Available data.
[Start of Attachment]
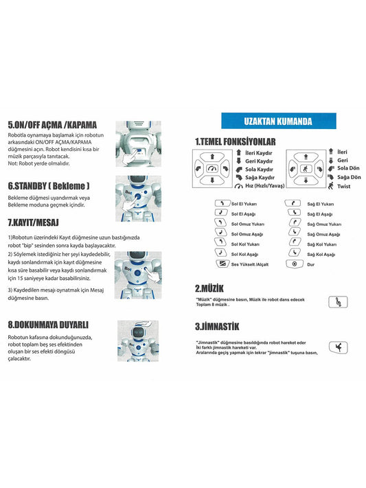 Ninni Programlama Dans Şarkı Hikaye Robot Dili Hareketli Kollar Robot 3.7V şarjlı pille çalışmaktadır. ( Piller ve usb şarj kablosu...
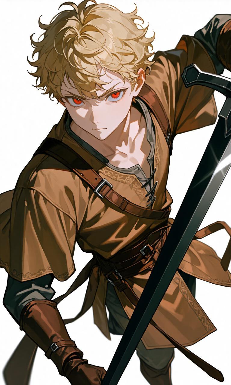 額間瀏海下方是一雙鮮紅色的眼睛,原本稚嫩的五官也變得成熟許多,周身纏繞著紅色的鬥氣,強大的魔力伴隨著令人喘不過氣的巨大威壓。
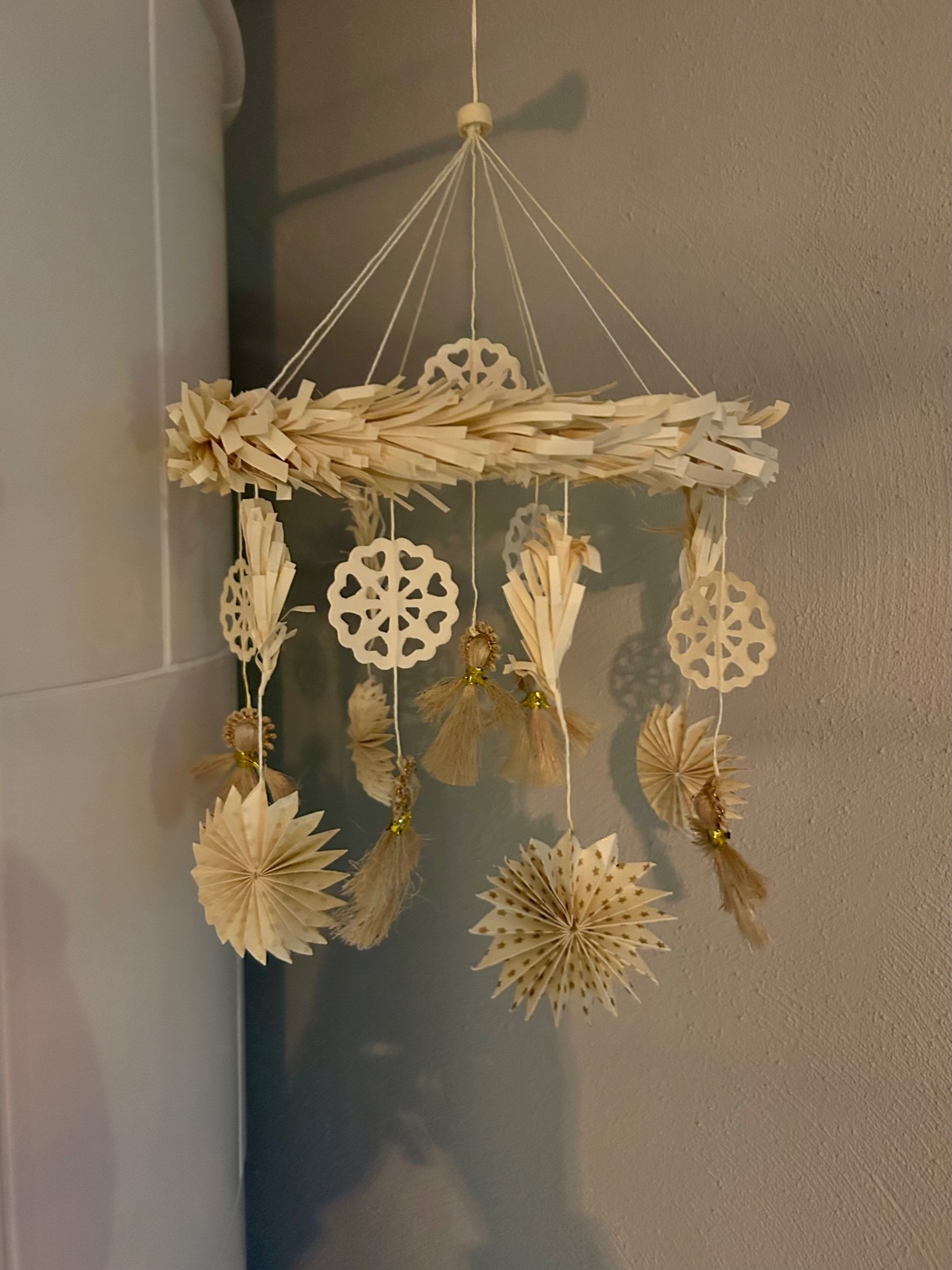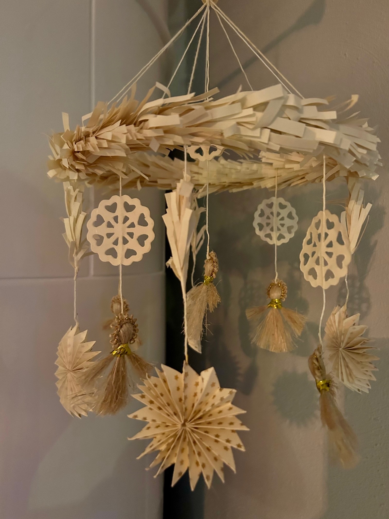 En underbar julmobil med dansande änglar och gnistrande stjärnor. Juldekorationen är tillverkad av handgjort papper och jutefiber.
[End of Attachment]
Task to complete.
Return to the listing above and set it down exactly, leaving out its pictures.

Result below.
 Ninni Programlama Dans Şarkı Hikaye Robot Dili Hareketli Kollar Robot 3.7V şarjlı pille çalışmaktadır. ( Piller ve usb şarj kablosu...
 額間瀏海下方是一雙鮮紅色的眼睛,原本稚嫩的五官也變得成熟許多,周身纏繞著紅色的鬥氣,強大的魔力伴隨著令人喘不過氣的巨大威壓。
 En underbar julmobil med dansande änglar och gnistrande stjärnor. Juldekorationen är tillverkad av handgjort papper och jutefiber.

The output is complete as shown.